Bai Ling e Xi Qingqing completaram a viagem ao Japão com sucesso. Na volta, Bai Ling trouxe muitos mangás, enquanto Xi Qingqing trouxe muitas roupas—uma para Bai Ling, uma para Bai Han e uma para Xiaogen.
"Tia Xi, você voltou de mãos cheias: ganhou dinheiro, mas também gastou muito!" disse Bai Ling, vendo Xi Qingqing arrumar as compras.
"É que quando vejo roupas bonitas, quero comprar todas. Vou deixar as roupas aqui e levar uma por uma, senão o Lin Long vai se assustar com meu exagero!" disse Xi Qingqing, arrumando as roupas.
"Pois é, se eu fosse homem, também me assustaria com uma mulher tão gastadora!" disse Bai Ling, mordendo uma maçã enquanto olhava as roupas na mala.
"Gastadora? Sua pestinha, de onde tira tanta ideia?" repreendeu Xi Qingqing. Que criança, já querendo dar lições em mim.
Durante a viagem ao Japão, Bai Ling visitou vários lugares com Yuta e se divertiu muito.
Joel segurava fotos de Bai Ling e Yuta juntos, comendo doces refinados, com migalhas nos cantos da boca, rindo alegremente.
Meli trouxe uma xícara de chá de crisântemo perfumado: "Irmão Joel, toma o chá!"
Joel não respondeu, mas quando se deu conta, Meli já tinha pegado as fotos. Vendo Bai Ling com um homem estranho, ficou surpresa: quem era aquele?
Sem demonstrar, ela colocou as fotos de volta no lugar e perguntou baixinho: "Quem é esse homem?"
Joel nem olhou para Meli: "Isso não é da sua conta."
Meli tocou o nariz e murmurou: "Não é da minha conta, mas tem a ver com a Bai Ling!

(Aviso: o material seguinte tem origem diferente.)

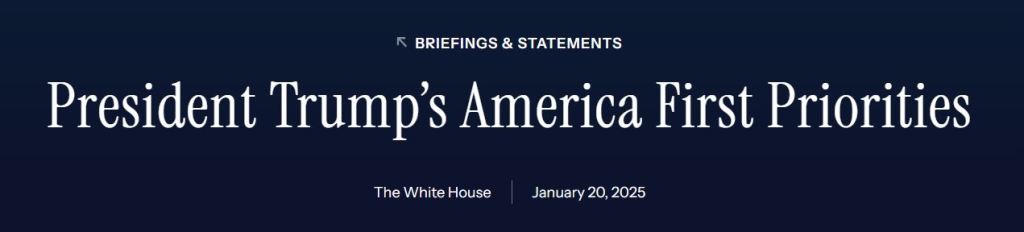 The header to President Trump’s priorities on the White House website. Front and center is the desire for American energy dominance. whitehouse.gov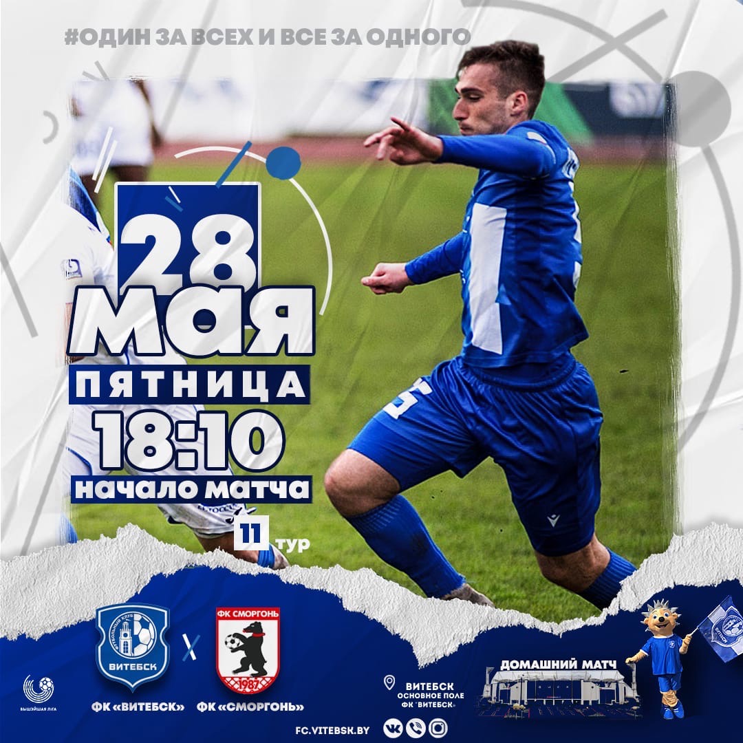 В пятницу, 28 мая, ФК «Витебска» примет на своем поле ФК «Сморгонь» в 11-м туре чемпионата Беларуси по футболу.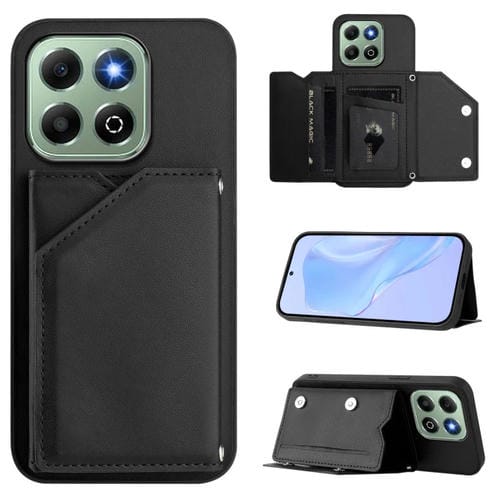 Funda para Teléfono Honor X6B Skin Feel con 4 Ranuras para Tarjetas y Correa (Negra)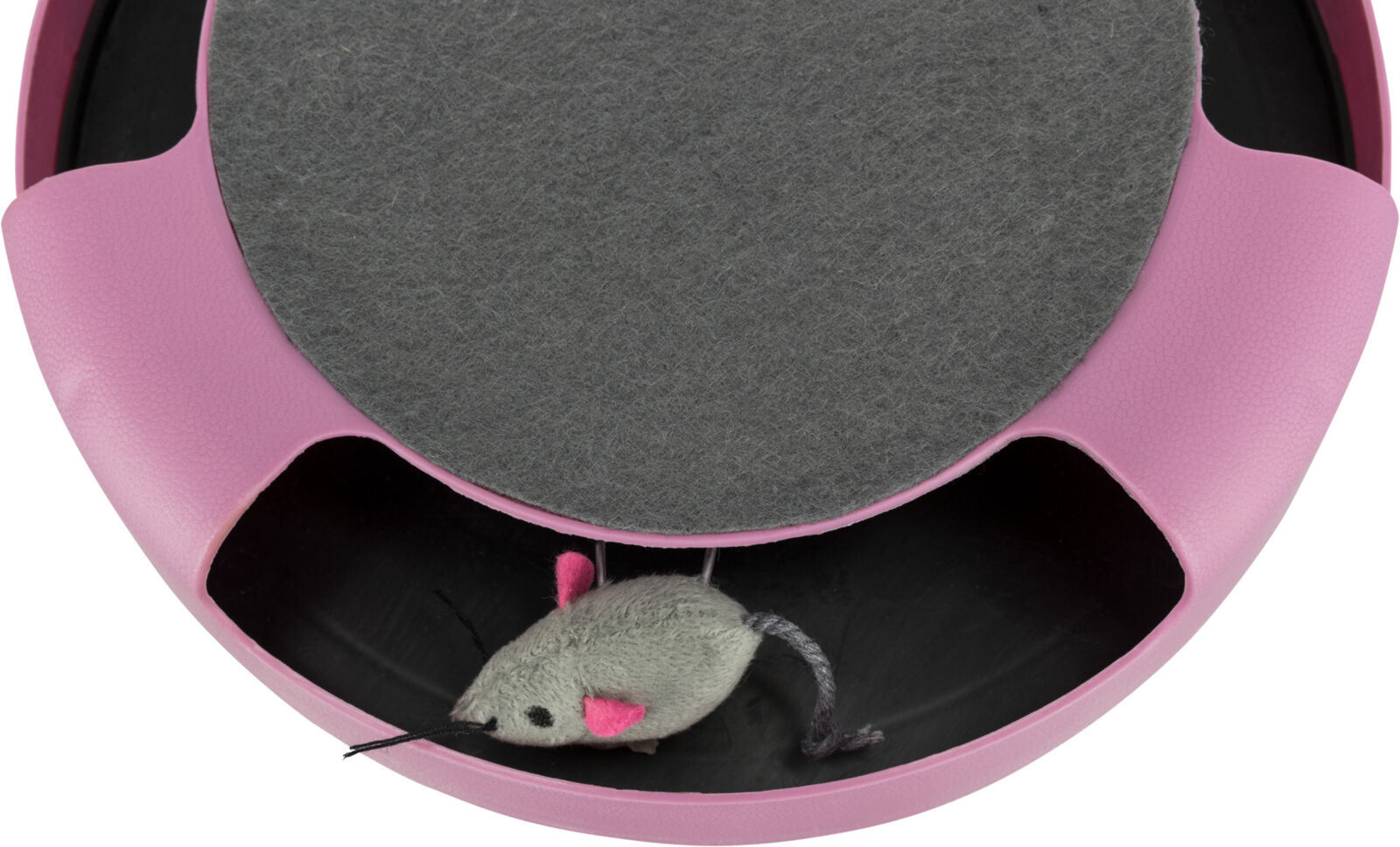 Prinde Soricelul Material: plastic Cu soricelul de plus (poliester) Cu parti pentru zgariat. Masuratori: ø 25 × 6 cm Inaltime: 6 cm Diverse culori. Selectarea culorilor nu este posibila. Depinde de disponibilitatea stocului.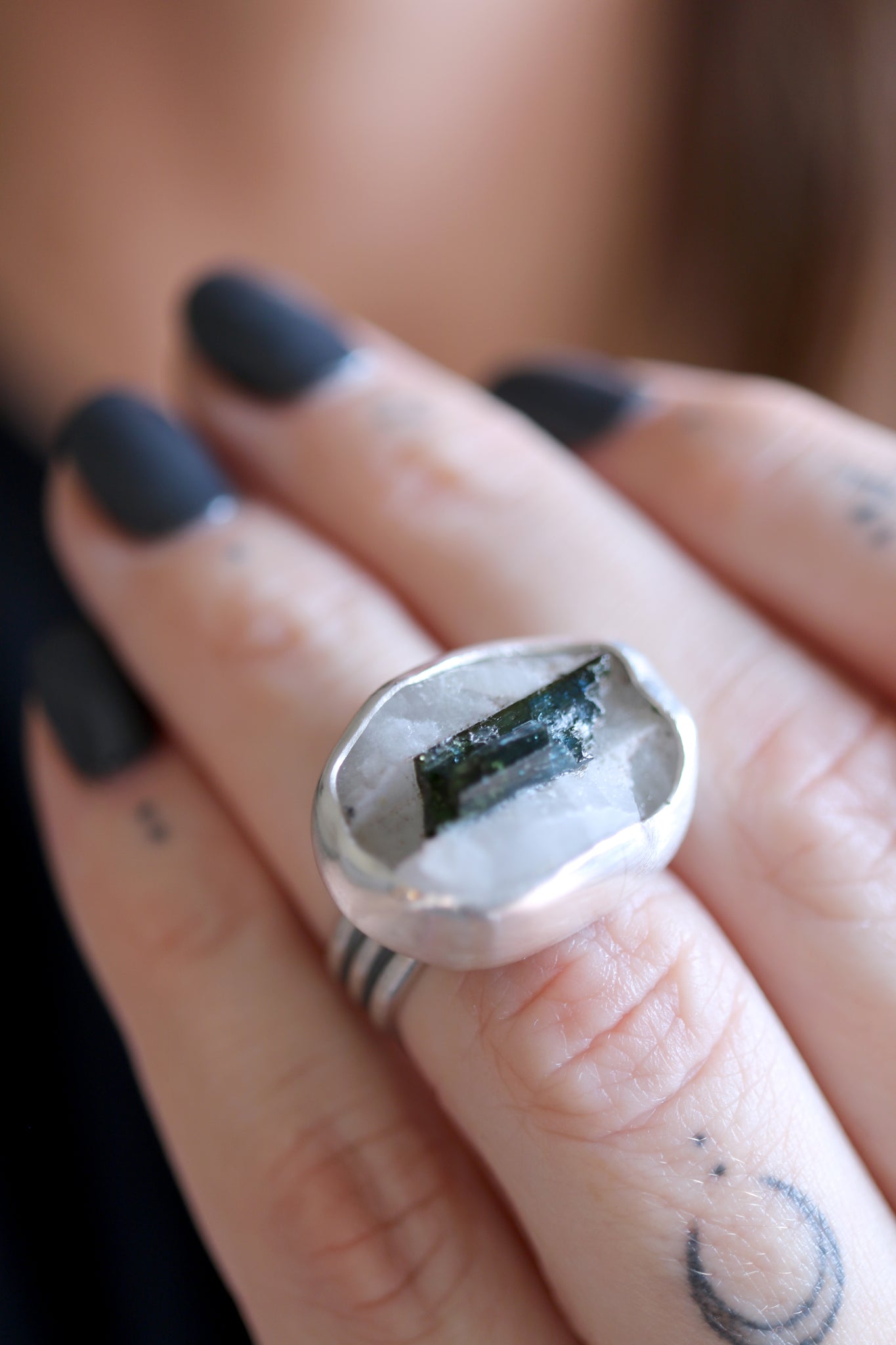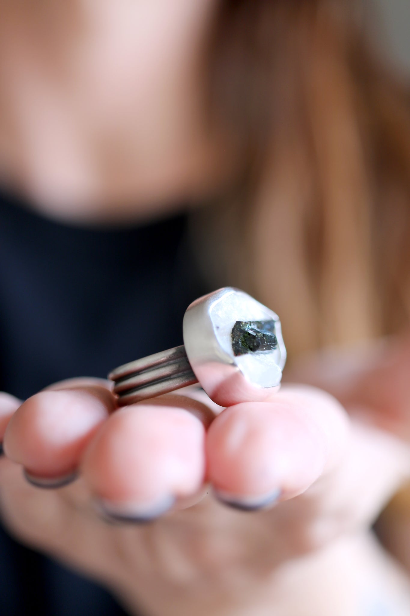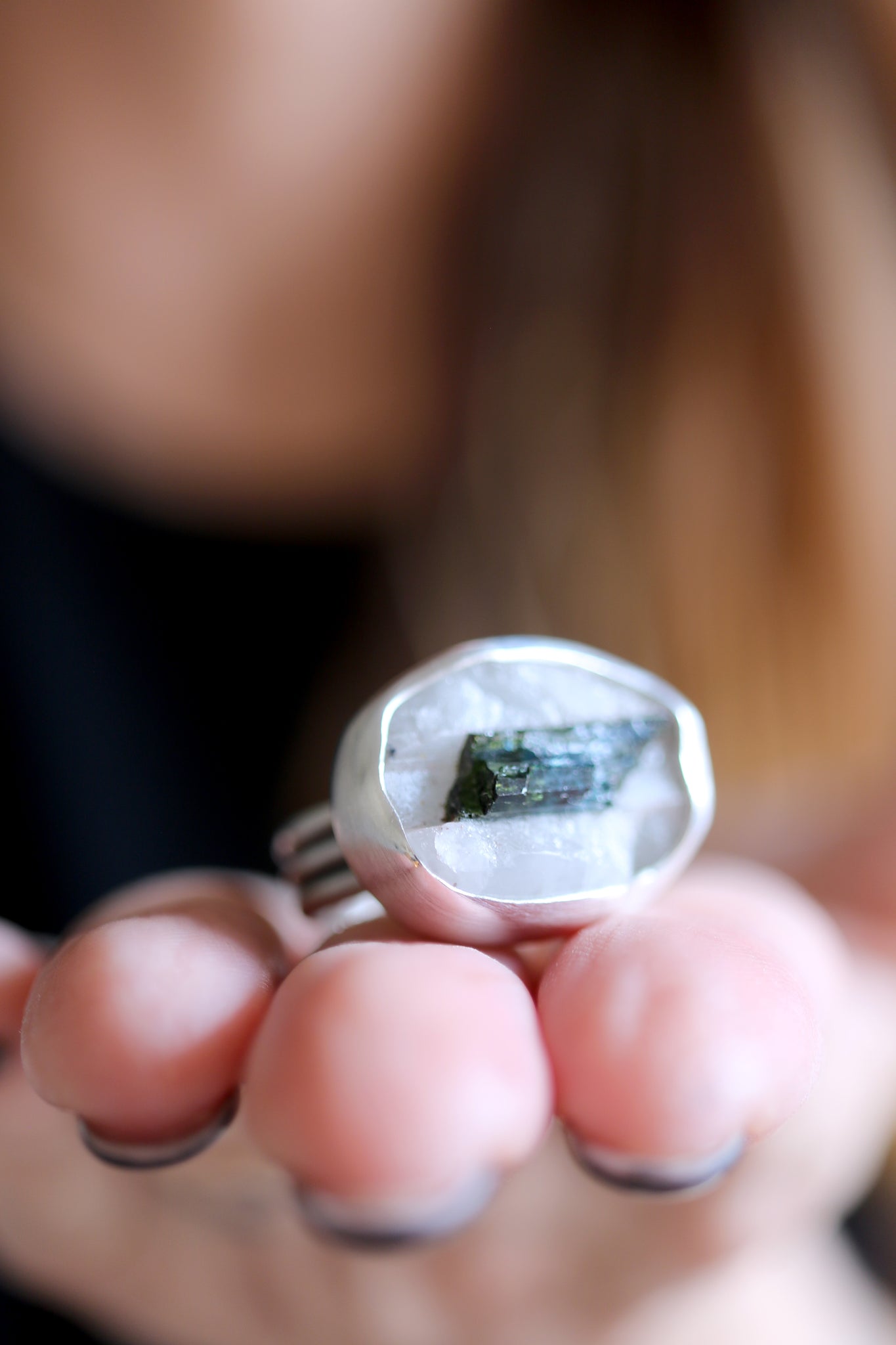 Sterling silver ring with raw Quartz with a green Tourmaline crystal.

Olha como os dois estão íntimos. Você e a Bai Ling são namorados, mas nem parecem tão próximos."
"Eles são só amigos!" defendeu-se Joel, mas sem convicção. Nem ele mesmo acreditava que entre os dois era só amizade.
"Nós também somos só amigos, mas não somos assim. Se você fosse tão íntimo comigo, aí eu acreditaria." disse Meli maliciosamente. "Não se engane; só um idiota acreditaria que não há nada entre eles."
Primeiro um Bai Lichen, agora um Yoshikawa Yuta. Será que Bai Ling realmente os via como amigos comuns, ou ela era muito volúvel? Joel não queria mandar segui-la, mas uma vez plantada a semente da dúvida, ela crescia. Ao ver as fotos, sua confiança diminuiu ainda mais.